Section 3.2 No Duplicative Payments. It is intended that the provisions of this Agreement will not result in duplicative payment of any amount (including interest) required
10
under this Agreement. The provisions of this Agreement shall be construed in the appropriate manner to ensure such intentions are realized.
Section 3.3 Pro Rata Payments. For the avoidance of doubt, to the extent the Corporate Taxpayer’s deduction with respect to the Basis Adjustment is limited in a particular Taxable Year or the Corporate Taxpayer lacks sufficient funds to satisfy its obligations to make all Tax Benefit Payments due in a particular taxable year, the limitation on the deduction, or the Tax Benefit Payments that may be made, as the case may be, shall be taken into account or made for each applicable Limited Partner on a pro rata basis relative to the total amount of deductions with respect to the aggregate Basis Adjustments for all of the applicable Limited Partners.
ARTICLE IV
TERMINATION
Section 4.1 Early Termination and Breach of Agreement.

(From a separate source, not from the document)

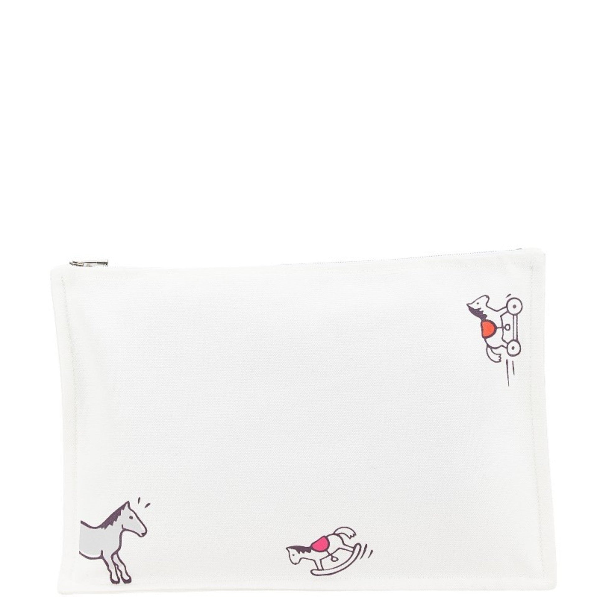 Hermes Truss Flat Adada GM Wooden Horse Pouch White Red Multicolor Canvas Women\'s HERMES

(a) With the written approval of a majority of the Independent Directors, the Corporate Taxpayer may terminate this Agreement with respect to all amounts payable to the applicable Limited Partner and with respect to all of the Partnership Units held (or previously held and exchanged) by all Limited Partners at any time by paying to all of the applicable Limited Partners the Early Termination Payment; provided, however, that this Agreement shall only terminate upon the receipt of the Early Termination Payment by all Limited Partners; and provided, further, that the Corporate Taxpayer may withdraw any notice to execute its termination rights under this Section 4.1(a) prior to the time at which any Early Termination Payment has been paid. Upon payment of the Early Termination Payment by the Corporate Taxpayer, neither the applicable Limited Partners nor the Corporate Taxpayer shall have any further payment obligations under this Agreement in respect of such Limited Partner, other than for any (a) Tax Benefit Payment agreed to by the Corporate Taxpayer and the applicable Limited Partner as due and payable but unpaid as of the Early Termination Notice and (b) Tax Benefit Payment due for the Taxable Year ending with or including the date of the Early Termination Notice (except to the extent that the amount described in clause (b) is included in the Early Termination Payment). If an Exchange occurs after the Corporate Taxpayer exercises its termination rights under this Section 4.1(a), the Corporate Taxpayer shall have no obligations under this Agreement with respect to such Exchange.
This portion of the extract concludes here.